RAW DATA:
BEGIN
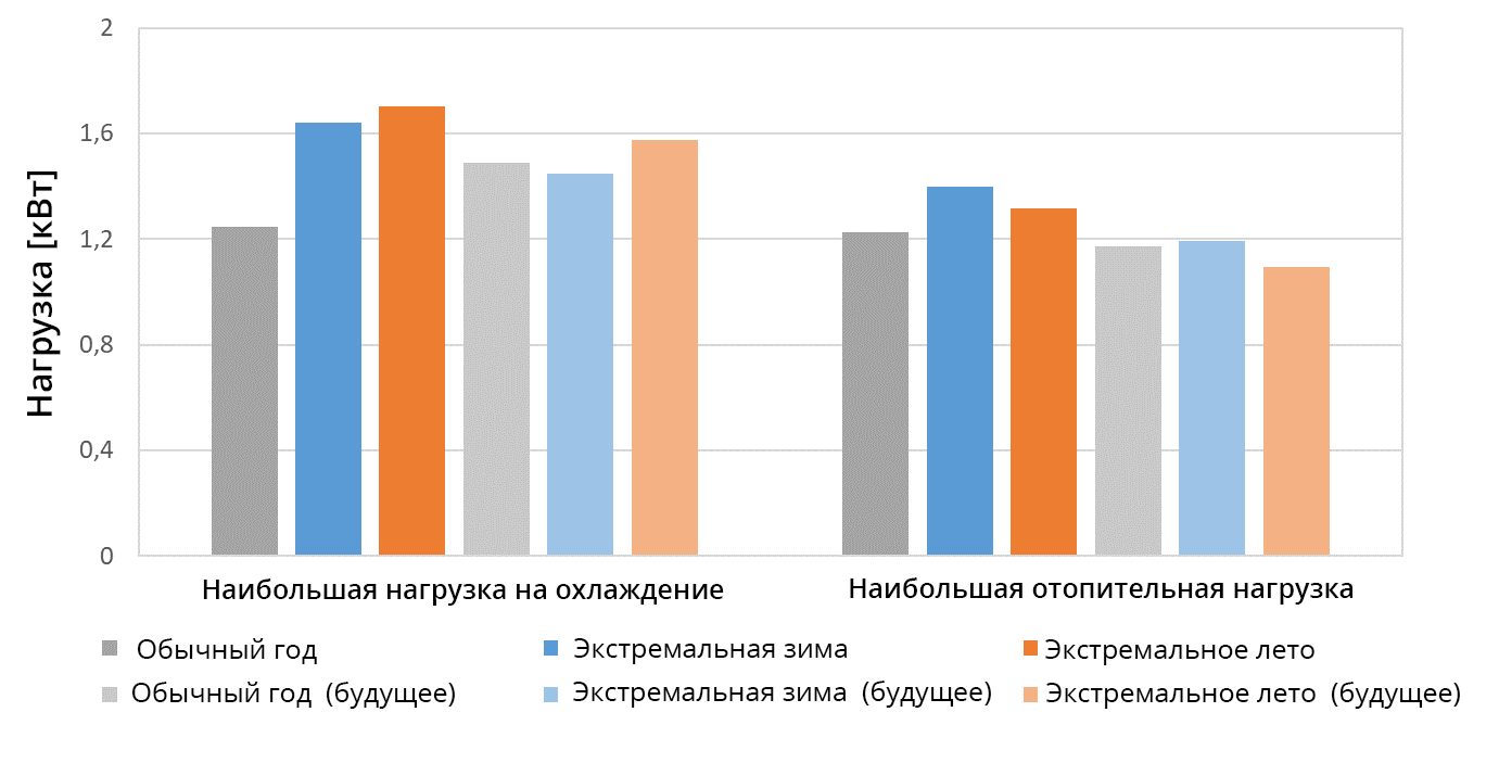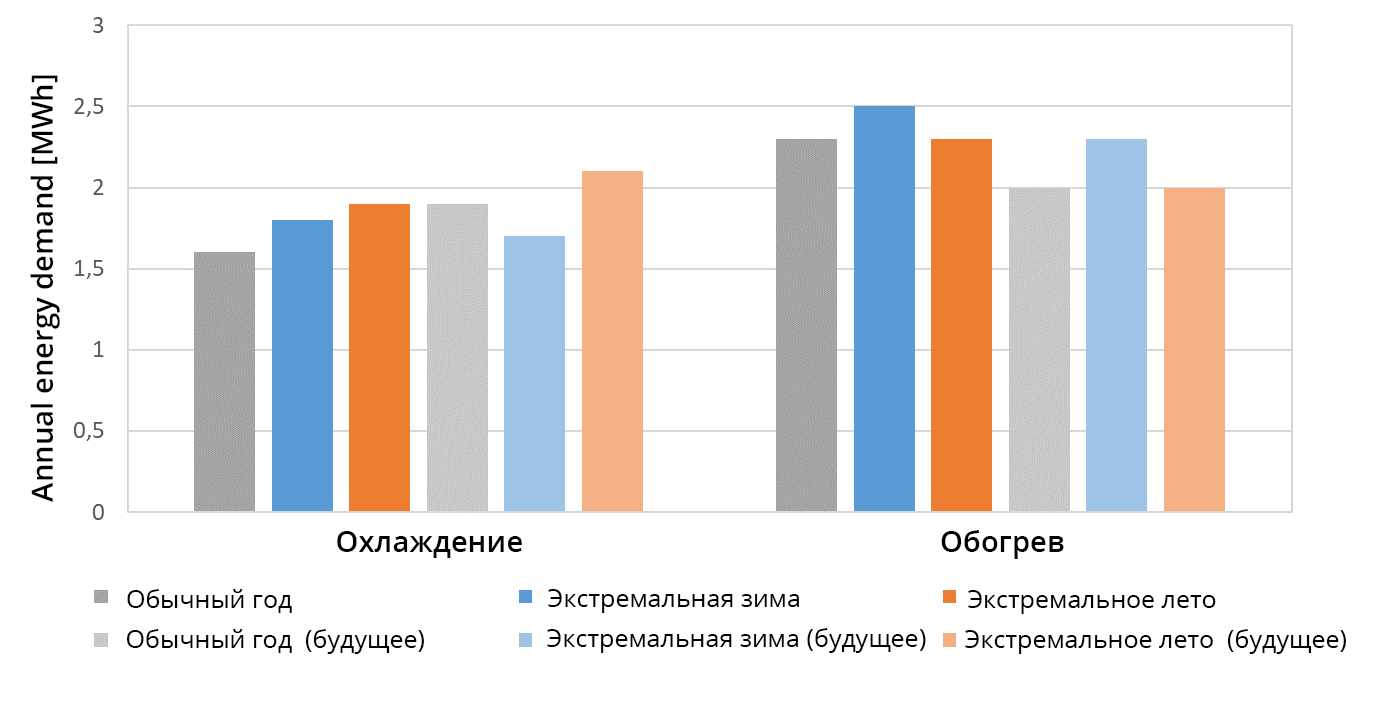 На рис. 8 и 9 показаны нагрузки и годовое энергопотребление для обогрева и охлаждения для шести TRY. Вопреки ожиданиям на первый взгляд, самая высокая нагрузка на охлаждение приходится на текущее экстремальное лето, а не на экстремальное лето будущего прогноза; нагрузка на охлаждение экстремальной зимы также выше, чем нагрузка на охлаждение в обычный год. Однако годовое энергопотребление для охлаждения соответствует ожиданиям, что экстремальное лето требует больше всего энергии для охлаждения. В случае обычного года прогнозируемые значения как нагрузки на охлаждение, так и потребности в энергии для охлаждения увеличиваются по сравнению с текущими. К тому же можно отметить, что отопительная нагрузка и энергопотребление для обогрева в будущем прогнозе ниже, чем в текущем TRY. К тому же интересен тот факт, что текущий обычный год дает результаты, сравнимые с будущей экстремальной зимой.
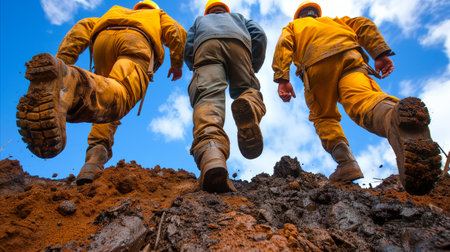 A determined group of men in yellow rain suits, running together uphill in adverse weather conditions.
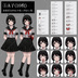サイズ:2000×4000px 解像度:350dpi 形式:PNG、PSD (zipファイルでのお渡しとなります) PSDは差分のパーツごとにレイヤー分けされているため、Photoshop/Photopea/ibisPaint等のツールで読み込み、レイヤーの表示/非表示を切り替えることで、同梱のPNG以外の差分パターンも作成できます。 ①A子(10点) ・表情差分PNG 9点+PSD 1点 ③B美(10点) ・表情差分PNG 9点+PSD 1点 ④C太(10点) ・表情差分PNG 9点+PSD 1点 ⑤D介(10点) ・表情差分PNG 9点+PSD 1点 ⑤全員セット(40点) ・A子(表情差分PNG 9点+PSD 1点) ・B美(表情差分PNG 9点+PSD 1点) ・C太(表示差分PNG 9点+PSD 1点) ・D介(表情差分PNG 9点+PSD 1点)
END
TASK DETAILS:
Leaving the pictures aside, copy exactly and only the lines from the one holding "A determined group" through the final line of the data, both ends kept.

SOLUTION BELOW:
 A determined group of men in yellow rain suits, running together uphill in adverse weather conditions.
サイズ:2000×4000px 解像度:350dpi 形式:PNG、PSD (zipファイルでのお渡しとなります) PSDは差分のパーツごとにレイヤー分けされているため、Photoshop/Photopea/ibisPaint等のツールで読み込み、レイヤーの表示/非表示を切り替えることで、同梱のPNG以外の差分パターンも作成できます。 ①A子(10点) ・表情差分PNG 9点+PSD 1点 ③B美(10点) ・表情差分PNG 9点+PSD 1点 ④C太(10点) ・表情差分PNG 9点+PSD 1点 ⑤D介(10点) ・表情差分PNG 9点+PSD 1点 ⑤全員セット(40点) ・A子(表情差分PNG 9点+PSD 1点) ・B美(表情差分PNG 9点+PSD 1点) ・C太(表示差分PNG 9点+PSD 1点) ・D介(表情差分PNG 9点+PSD 1点)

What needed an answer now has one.